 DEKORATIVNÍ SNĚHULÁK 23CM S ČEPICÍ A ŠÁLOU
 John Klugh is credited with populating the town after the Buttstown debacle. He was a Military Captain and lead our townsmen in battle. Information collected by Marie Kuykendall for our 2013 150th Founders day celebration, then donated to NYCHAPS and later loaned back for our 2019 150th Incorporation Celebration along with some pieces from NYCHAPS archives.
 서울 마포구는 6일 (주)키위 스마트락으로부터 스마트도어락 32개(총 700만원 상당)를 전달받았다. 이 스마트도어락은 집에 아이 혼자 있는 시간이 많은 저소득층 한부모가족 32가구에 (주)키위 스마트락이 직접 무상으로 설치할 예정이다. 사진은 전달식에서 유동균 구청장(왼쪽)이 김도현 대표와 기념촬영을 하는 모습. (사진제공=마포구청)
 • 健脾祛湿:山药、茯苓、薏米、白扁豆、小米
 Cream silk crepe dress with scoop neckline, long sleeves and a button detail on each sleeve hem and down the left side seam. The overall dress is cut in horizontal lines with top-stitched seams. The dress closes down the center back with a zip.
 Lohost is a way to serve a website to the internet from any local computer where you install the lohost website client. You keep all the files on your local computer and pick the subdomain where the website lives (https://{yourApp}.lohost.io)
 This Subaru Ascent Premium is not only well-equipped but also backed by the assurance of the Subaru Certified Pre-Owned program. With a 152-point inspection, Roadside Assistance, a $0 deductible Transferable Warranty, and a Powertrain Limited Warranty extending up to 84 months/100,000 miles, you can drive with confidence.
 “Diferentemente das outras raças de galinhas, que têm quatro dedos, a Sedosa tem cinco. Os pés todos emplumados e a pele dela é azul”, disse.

--

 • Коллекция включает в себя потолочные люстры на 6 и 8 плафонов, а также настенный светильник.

==

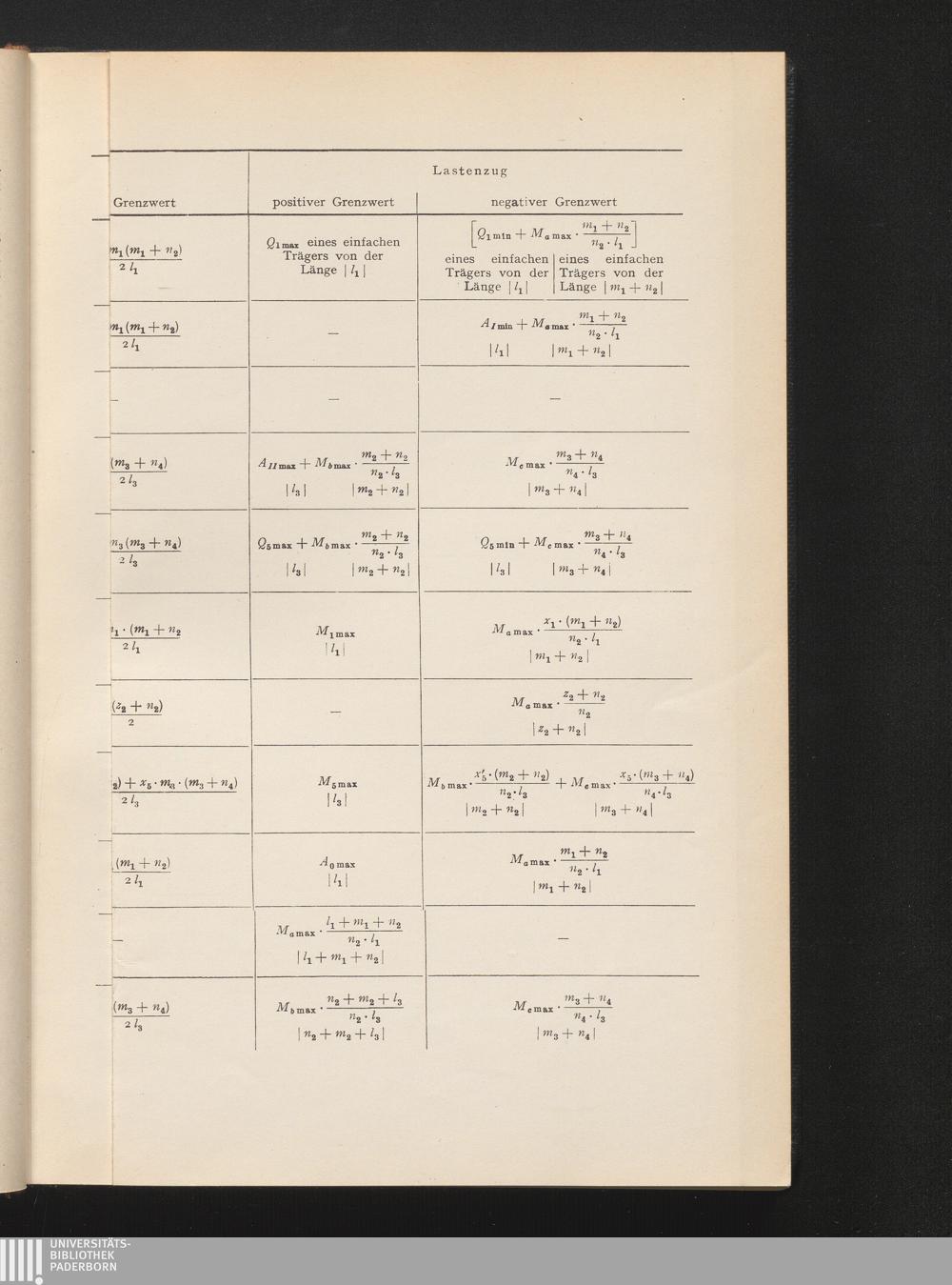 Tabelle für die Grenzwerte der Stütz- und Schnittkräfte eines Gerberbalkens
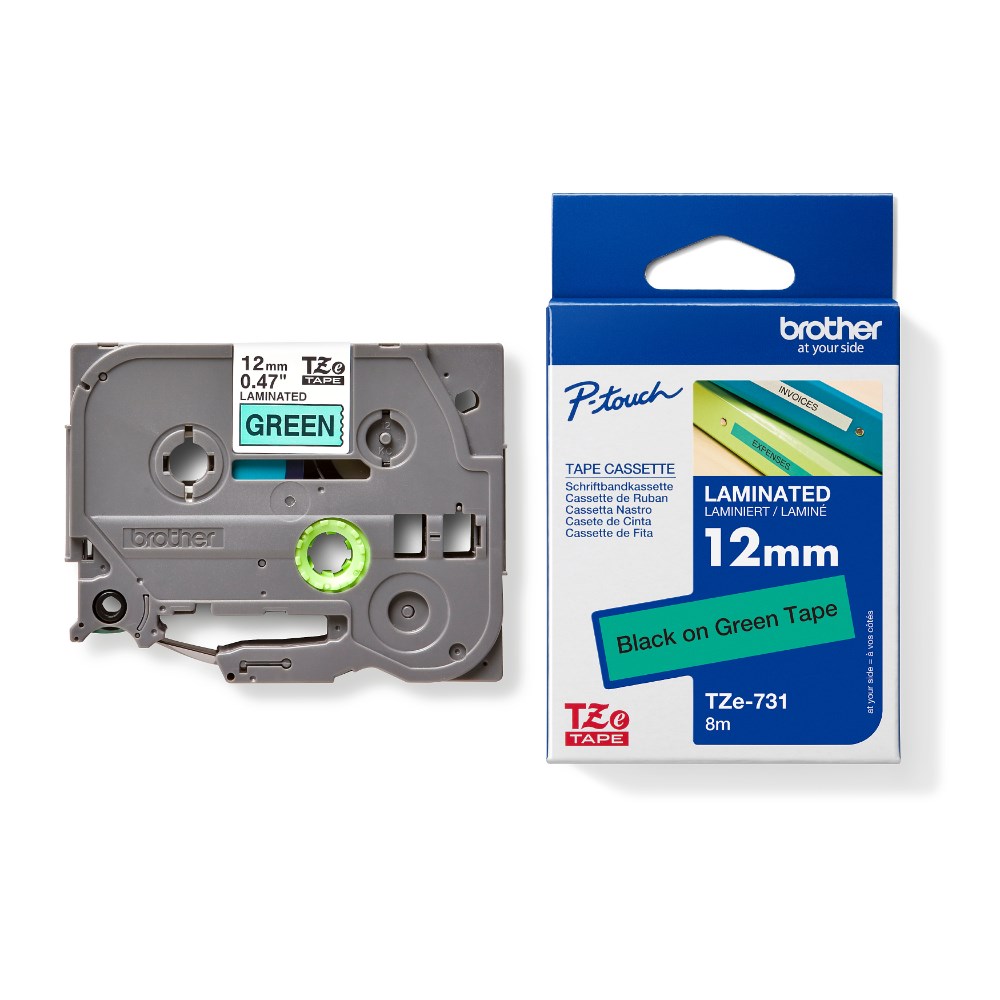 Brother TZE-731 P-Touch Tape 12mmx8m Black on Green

● **Work task**: Of the lines above, quote exactly those from the one with "Tabelle für die" through the one with "Brother TZE-731 P-Touch", ends included; pictures stay out.

● **Problem solution**:
 Tabelle für die Grenzwerte der Stütz- und Schnittkräfte eines Gerberbalkens
 Brother TZE-731 P-Touch Tape 12mmx8m Black on Green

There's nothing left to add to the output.